Self-Care and Writing as a Healing Tool: Taking time for self-care is vital. Meditation, relaxation exercises, and affirmations help build strength and resilience. Writing can also be a powerful way to heal. Expressing your emotions through creative writing or journaling, or even writing a letter to your ex, allows you to release pent-up feelings and gain perspective on your experiences. Documenting the bad memories helps to release the pain and begin the healing process.

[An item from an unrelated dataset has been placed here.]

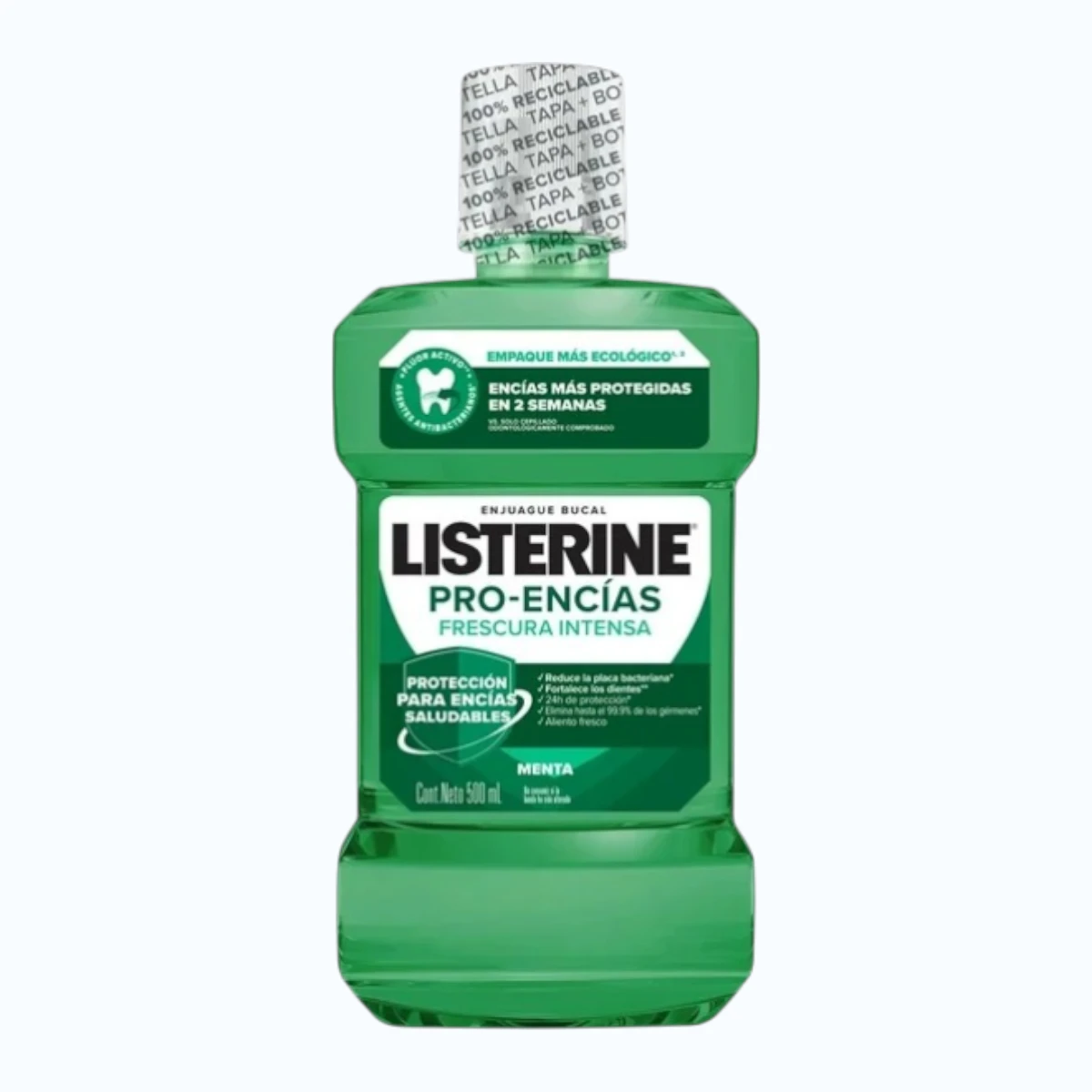 Adquiere el Enjuague Bucal Listerine Pro-Encías Menta 500 ml en la Central de Abastos CDMX por solo $90, el mejor precio para compras al por mayor.

See Our Recommended Reading. Divorcing A Narcissist, High Conflict Divorce, The Covert Passive Aggressive Narcissist,

Conclusion

Trauma bonding in an abusive relationship is a complex, deeply rooted emotional and psychological trap that can be hard to break. Whether it’s emotional manipulation, physical abuse, or toxic trust in consensual BDSM dynamics that have turned abusive, understanding the mechanisms of trauma bonding is the first step in breaking free. Through education, mindfulness, small steps toward independence, and self-care practices like writing, victims of trauma bonding can regain their strength, rebuild their lives, and find the freedom they deserve.

Breaking the trauma bond is a journey of healing and transformation—one that begins with recognising the truth and taking action to reclaim your life.